WORK ITEM
With pictures left out, set down exactly the lines that begin at the one containing "또는 제휴사인 현대카드와" and end with the last line of the entries below.

Stored entries
BEGIN

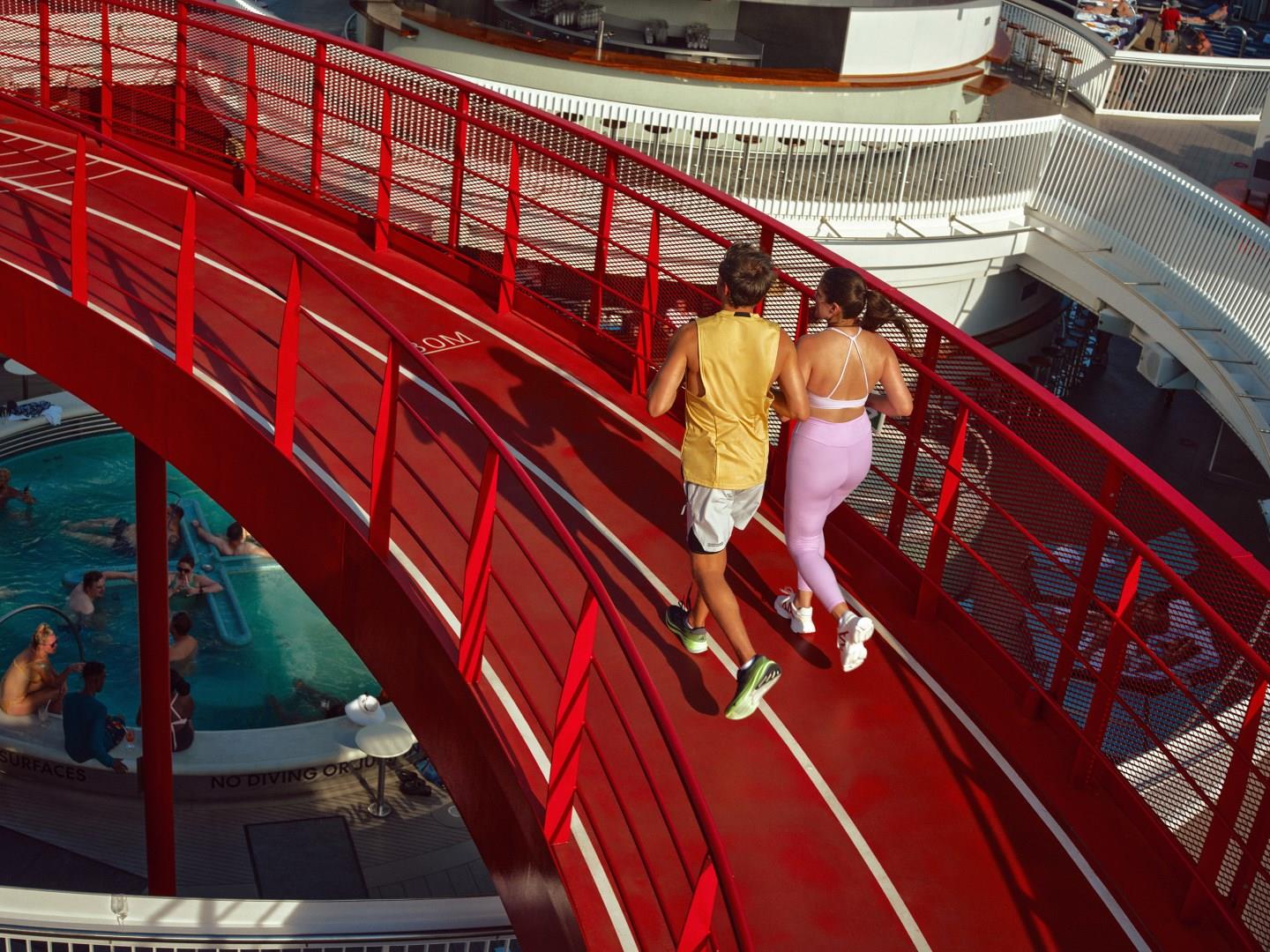Our signature, Virgin-red running track forms a (255 meters-ish) halo-like vision over the ship, allowing you to sweat, strut or stroll. Because for some of us, the only kind of running we do is... from our problems. And don't forget the SPF — The Runway is outside and the sun, unlike our problems, will catch up with you no matter how fast you run.
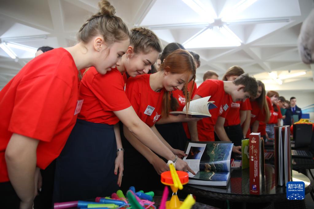 2019年1月16日,在俄羅斯符拉迪沃斯托克的“海洋”全俄兒童中心,俄羅斯青年觀看中國政府贈送的禮物。新華社記者 吳剛 攝
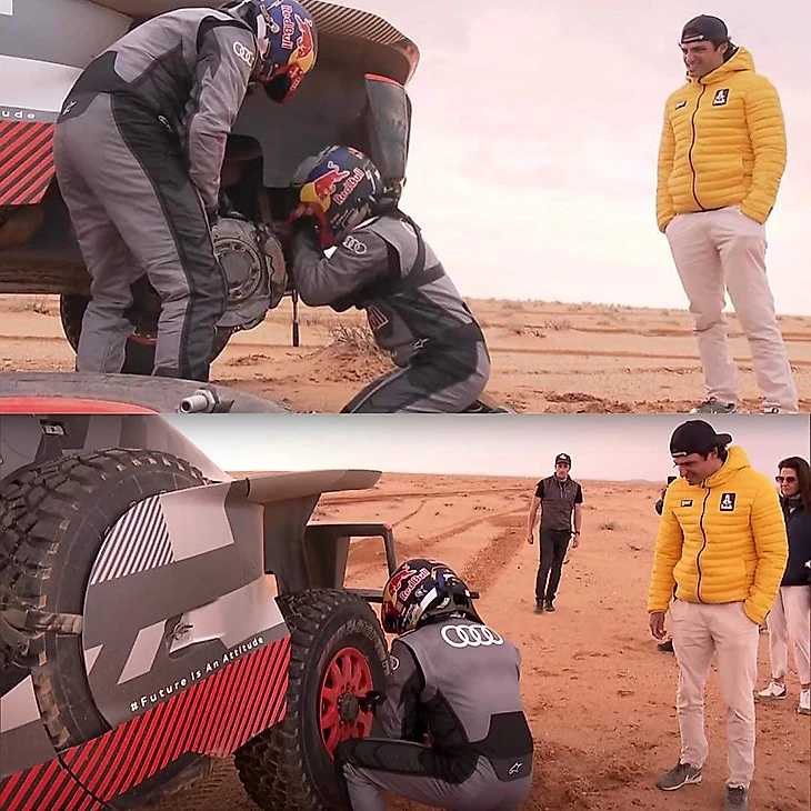 Карлос Сайнс-старший пробил на одном таком колесо – и чинил машину на глазах сына. Почему пилот «Феррари» не помог? Это строжайше запрещено под страхом дисквалов – судьи расследовали гонщика «Ауди» даже за помощь в закрытии двери!
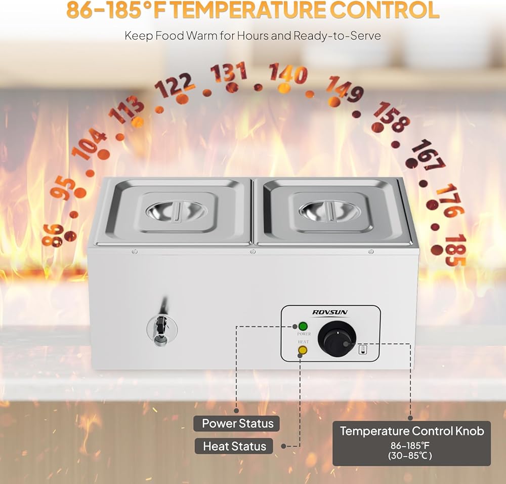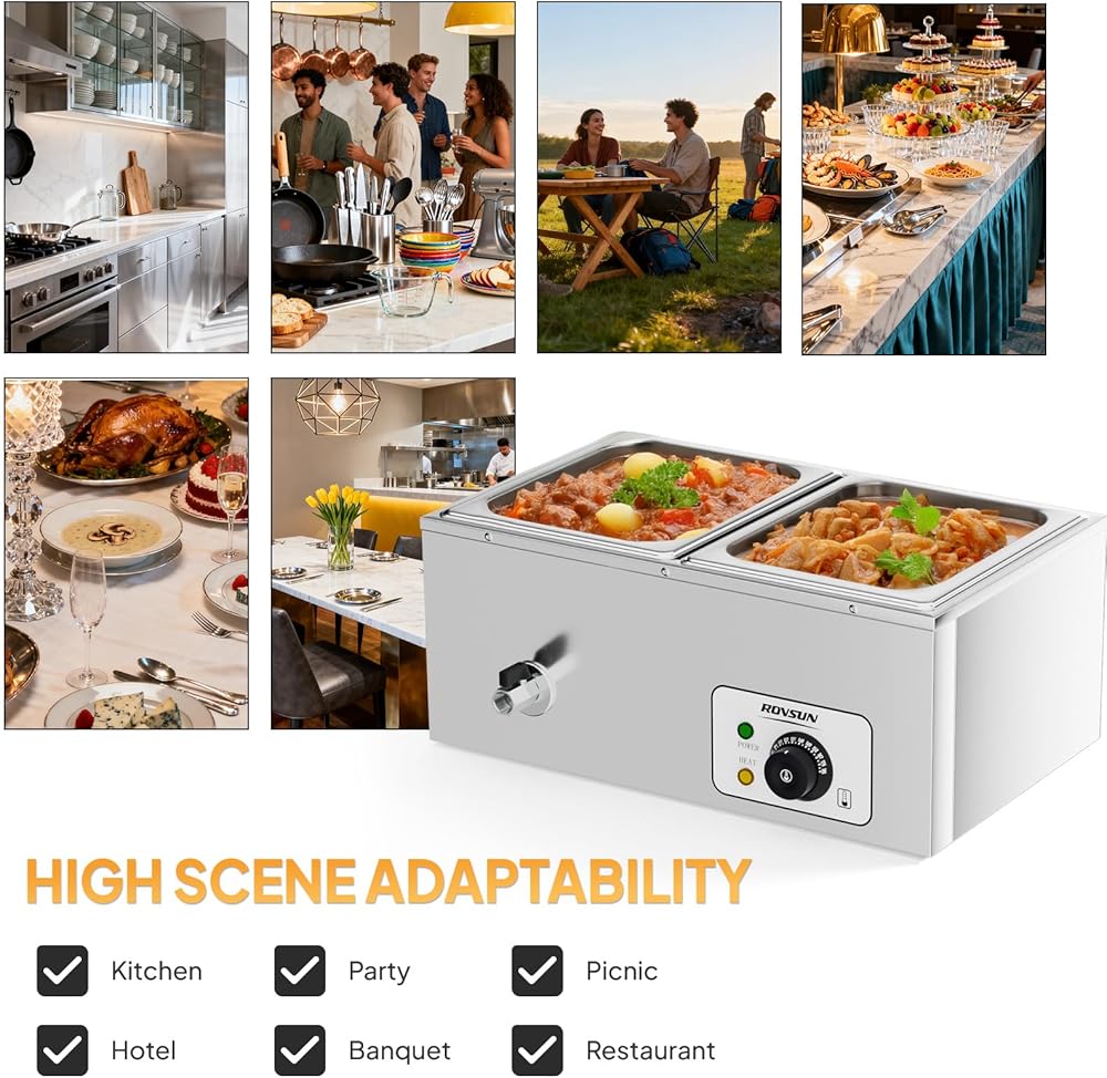 【Wide Usage】The commercial food warmer is perfect to keep nacho cheese, chicken wings, stews, eggs, porridge, soup, chili beans, milk, melt chocolate, etc. warm in restaurants, catering, parties, cafeteria, holidays and other places or events, satisfying your daily and commercial needs
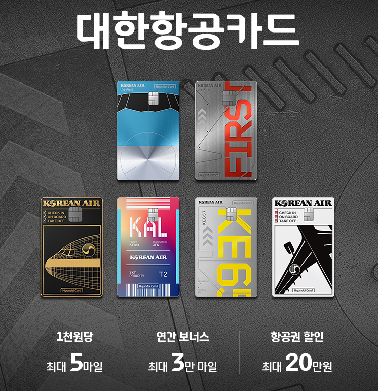 또는 제휴사인 현대카드와 콜라보한 "대한항공 현대카드"를 발급하여 여행 전에 꾸준히 사용하여 마일리지를 쌓아나가는 방법도 좋은 거 같아요! 대한항공 현대카드는 1천원마다 최대 5마일리지를 쌓을 수 있으며 한도는 무제한입니다!
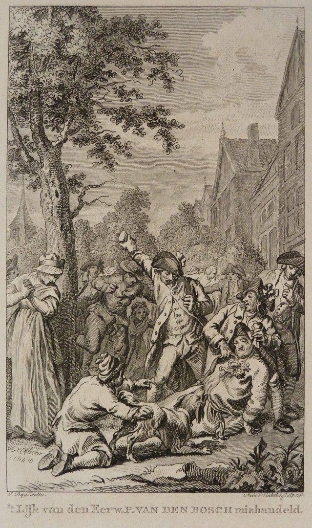 Mishandeling van het lijk van de remonstrantse patriotse predikant P. van den Bosch (ca.1732-1787)
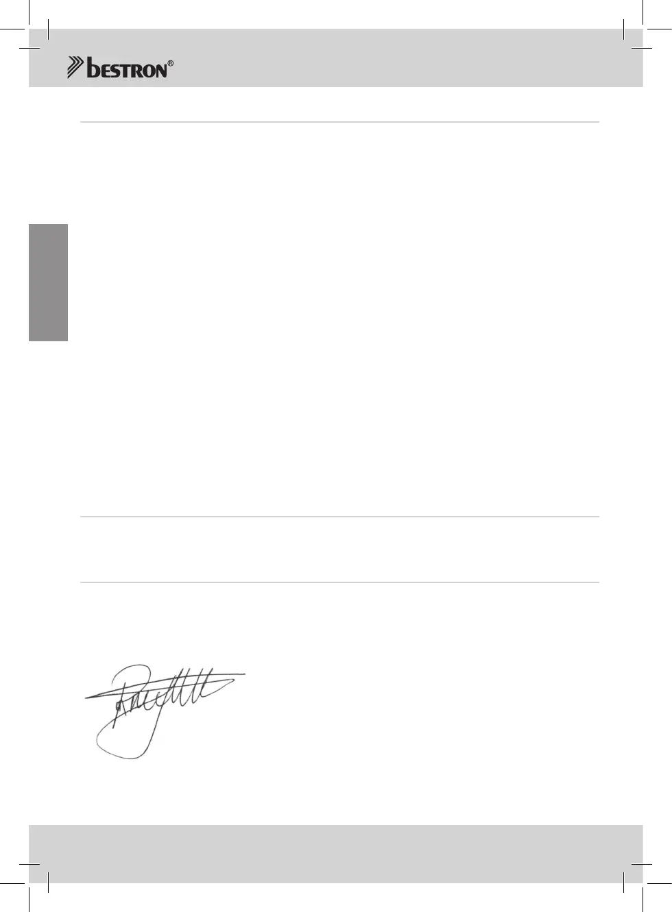 10. Um Garantieleistungen in Anspruch zu nehmen, wenden Sie sicht direkt an Ihren Händler. Bestron bietet

END

RESULT
 또는 제휴사인 현대카드와 콜라보한 "대한항공 현대카드"를 발급하여 여행 전에 꾸준히 사용하여 마일리지를 쌓아나가는 방법도 좋은 거 같아요! 대한항공 현대카드는 1천원마다 최대 5마일리지를 쌓을 수 있으며 한도는 무제한입니다!
 Mishandeling van het lijk van de remonstrantse patriotse predikant P. van den Bosch (ca.1732-1787)
 10. Um Garantieleistungen in Anspruch zu nehmen, wenden Sie sicht direkt an Ihren Händler. Bestron bietet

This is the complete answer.